Waters did not begin performing music until he approached his twentieth birthday. His early years were marked by the absence of his father Eric, a teacher who relinquished his stance as a conscientious objector during World War II to enlist in the British Army; Eric was killed in action when Roger was five months old, prompting his mother Mary to relocate with him and his brother to Cambridge. There he encountered future colleagues Syd Barrett and David Gilmour, although the initial version of Pink Floyd only took shape while he studied architecture at Regent Street Polytechnic. Waters joined fellow students Nick Mason and Rick Wright alongside vocalist Keith Noble and bassist Clive Metcalfe in the band Sigma 6; once Noble and Metcalfe departed, Waters recruited Barrett. The ensemble formed in autumn 1963 and had coalesced as the Pink Floyd Sound by 1965, shortening the name the following year. At that stage Barrett served as the unchallenged creative head, supplying the group’s first singles and the 1967 debut Piper at the Gates of Dawn, yet that album also introduced Waters’ earliest original composition, “Take Up Thy Stethoscope and Walk.”
Barrett’s departure in 1968 due to mental health issues led to David Gilmour’s arrival. Over the ensuing period the band’s following expanded steadily. While the members frequently collaborated on material, Waters contributed the greatest share of individually written songs. He also stepped outside the group to work with Ron Geesin on the 1970 soundtrack The Body, yet 1971’s Meddle and 1972’s Obscured by Clouds reflected a more balanced division of labor within Floyd.

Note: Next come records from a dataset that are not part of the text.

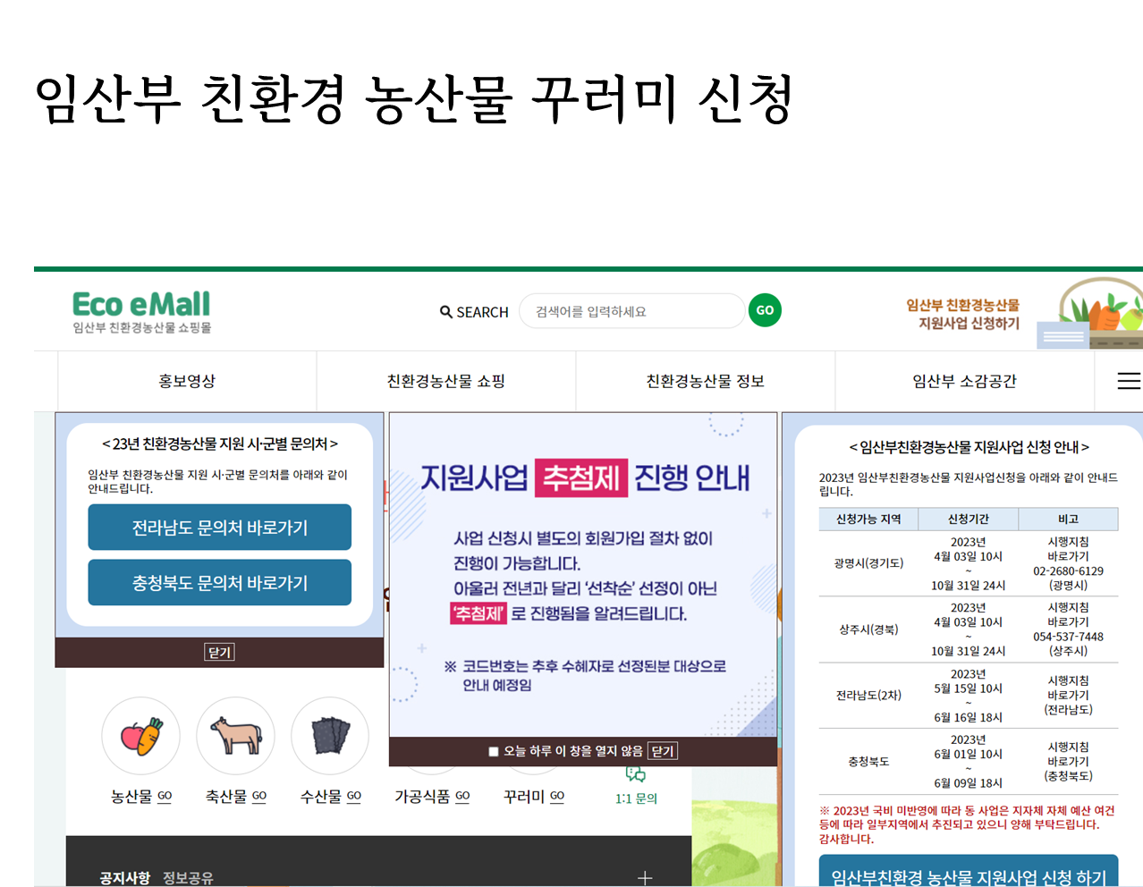 임산부 친환경 농산물 지원 사업은 시점에 따라 추가 되거나 변경 될수 있으니,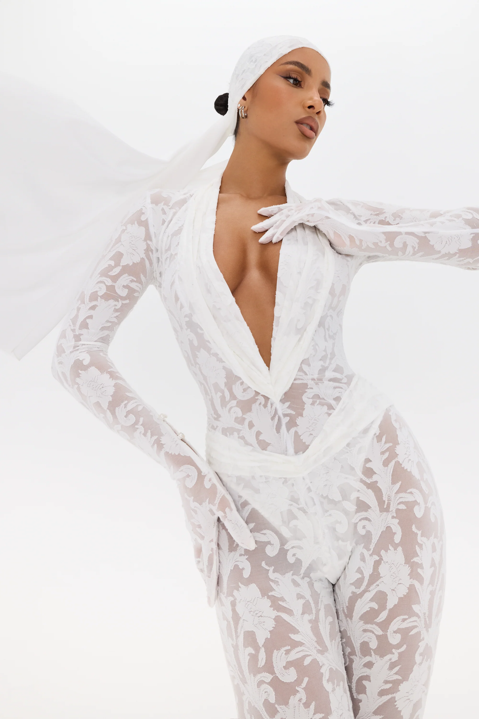 Timeless elegance meets modern allure in the Hepburn Bodysuit, crafted from ivory burn-out knit lace with an intricate floral design. A draped plunging neckline with soft pleating evokes vintage sophistication, while the high-thigh cut elongates the legs for a statuesque silhouette. The sleek cheeky back ensures a seamless fit, and white crystal flower buttons & loops at the wrists add a refined touch. Finished with a hidden back zipper for effortless wear, this piece embodies the grace and sophistication of old Hollywood with a Riviera twist.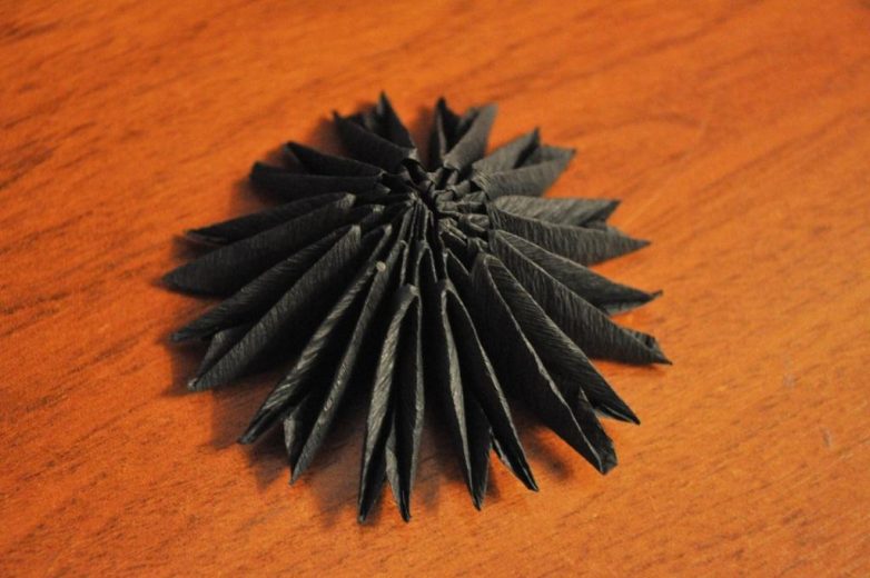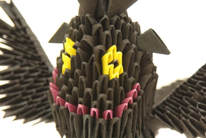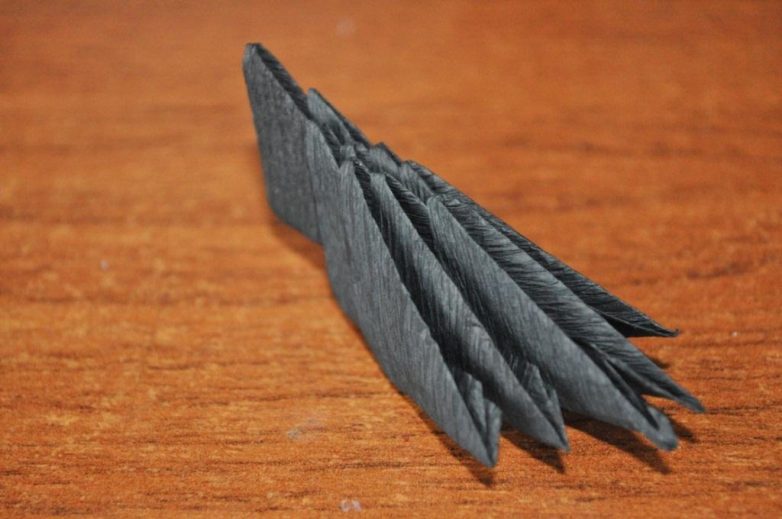Для этого с двух сторон туловища, немного отодвигаем по модулю, чтобы надеть на них крылья. Технология точно такая же: уголки туловища вставляются в кармашки крельев.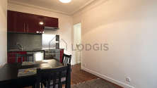 Cet appartement est composé d'un séduisant salon avec du parquet au sol vue sur rue. Ce salon très calme est meublé et équipé pour rendre votre séjour agréable : télé, table à manger, etagère, 4 chaise(s).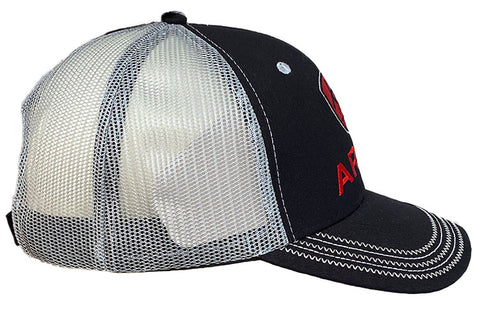 Medium weight washed cotton cap with soft mesh back, embroidered crown, zig zag bill, stitch and a woven label Velcro closure.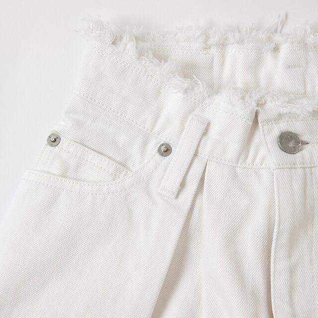 ウエスト部分はベルトがなくてもアクセントになるようにフリンジ加工にしました。初めて履く際は裾がロールアップされてますが、伸ばして履く事も可能です。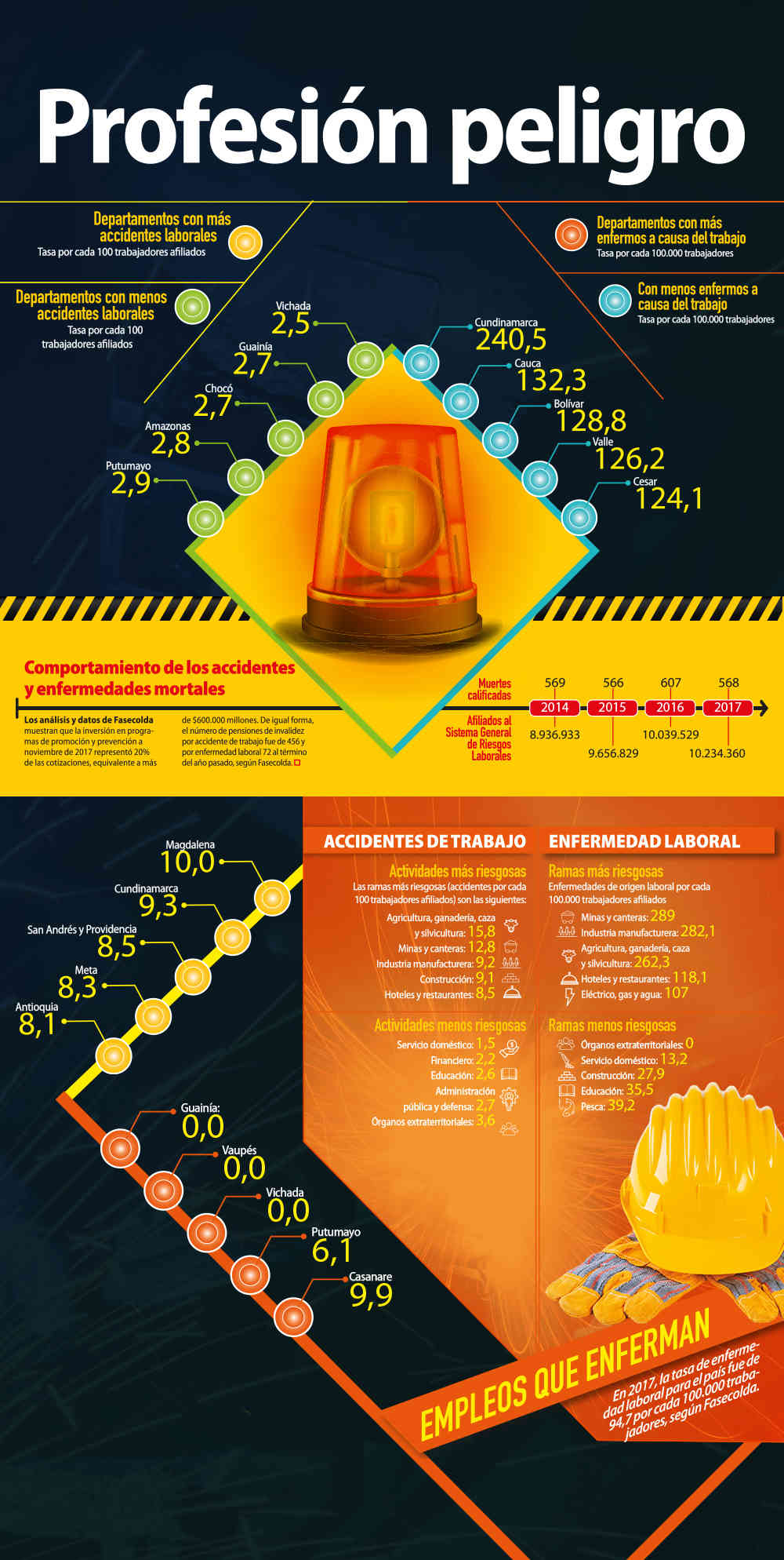 Una reducción de 7% registraron los accidentes laborales en el país en 2017 frente a 2016, según análisis de la Federación de Aseguradores Colombianos (Fasecolda). De acuerdo con el gremio, el número total de accidentes de trabajo al término del año pasado fue de 655.570, mientras el número de enfermedades calificadas como de origen laboral fue de 9.690, dato 8% inferior al registrado en 2016.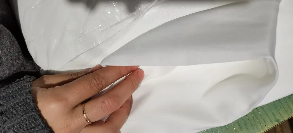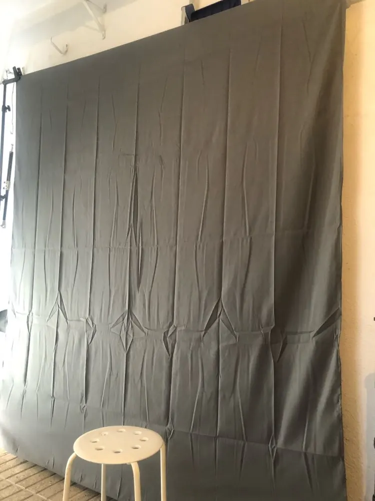 Ткань белоснежная, приятная на ощупь, легко гладится. Мы повесили на стену в 2 слоя. Использую как фон для онлайн-работы. Единственный минус - несколько стянуты швы, из-за этого лёгкие волны на ткани. Но мы булавками прикололи к обоям, натянули, получилось ровно. Если повесить на штангу, будут лёгкие волны.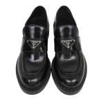 プラダ PRADA トライアングルロゴ チョコレート ブラッシュドレザー ローファー 靴 シューズ レディース レザー ブラック 黒 #36 1D246M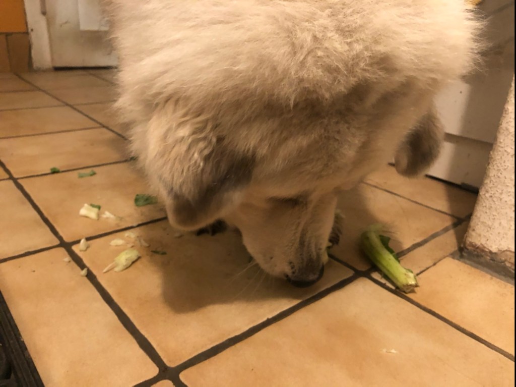 Zum Abendfuttern bin ich wieder in meine Kellerwohnung gegangen. Mit meinen großen Menschen. Meine große Menschin hat mir Blätter vom Blumenkohl gegeben. Die habe ich zerlegt und dann die Stiele geknabbert. Das macht Spaß. Dann habe ich mein Abendfutter geabendfuttert. Danach bin ich gleich wieder in meinen Garten und habe erstmal wieder jemanden wegschimpfen müssen.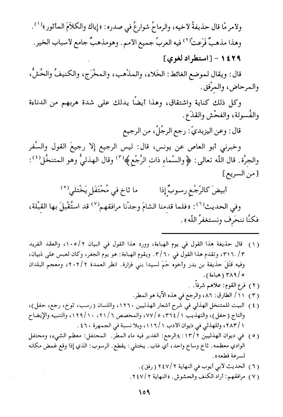 [4] البيت للمتنخل الهذلي في شرح أشعار الهذليين 1260، واللسان (رسب، ثوخ، رجع، حفل) ، والتاج (حفل) ، والتهذيب 1/364، 5/77، والمخصص 6/21، 10/129، والتنبيه والإيضاح 1/283، وللهذلي في ديوان الأدب 1/116، وبلا نسبة في الجمهرة 460.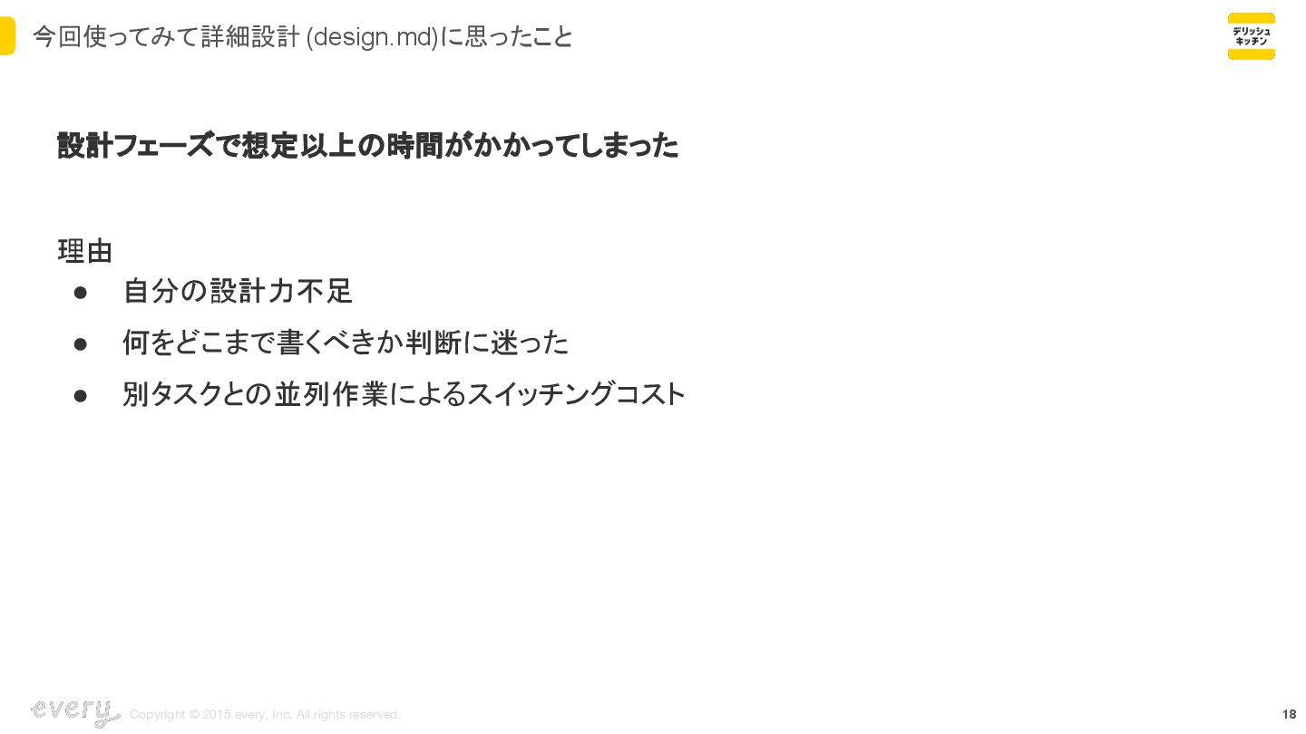 18 Copyright © 2015 every, Inc. All rights reserved. 今回使ってみて詳細設計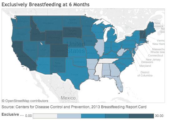 “@WSJ: States where new moms are most and least likely to breastfeed for at least six months: http://on.wsj.com/1orezFZ pic.twitter.com/33gkfFDXla”

Waters claimed decisive artistic authority on 1973’s Dark Side of the Moon, authoring every lyric, shaping the overarching concept, and earning music-writing credits on all but three tracks. The album became the decisive turning point in the band’s history, achieving immediate commercial success that grew into long-term dominance. Two years later the group released Wish You Were Here, a loosely Barrett-themed project, followed by the dystopian Animals in 1977. While touring behind Animals, Waters sensed a widening distance from listeners, an experience that fueled the partly autobiographical rock opera The Wall. He presented both The Wall and what later became his 1984 solo debut, The Pros & Cons of Hitch Hiking, to his bandmates, who elected to record The Wall.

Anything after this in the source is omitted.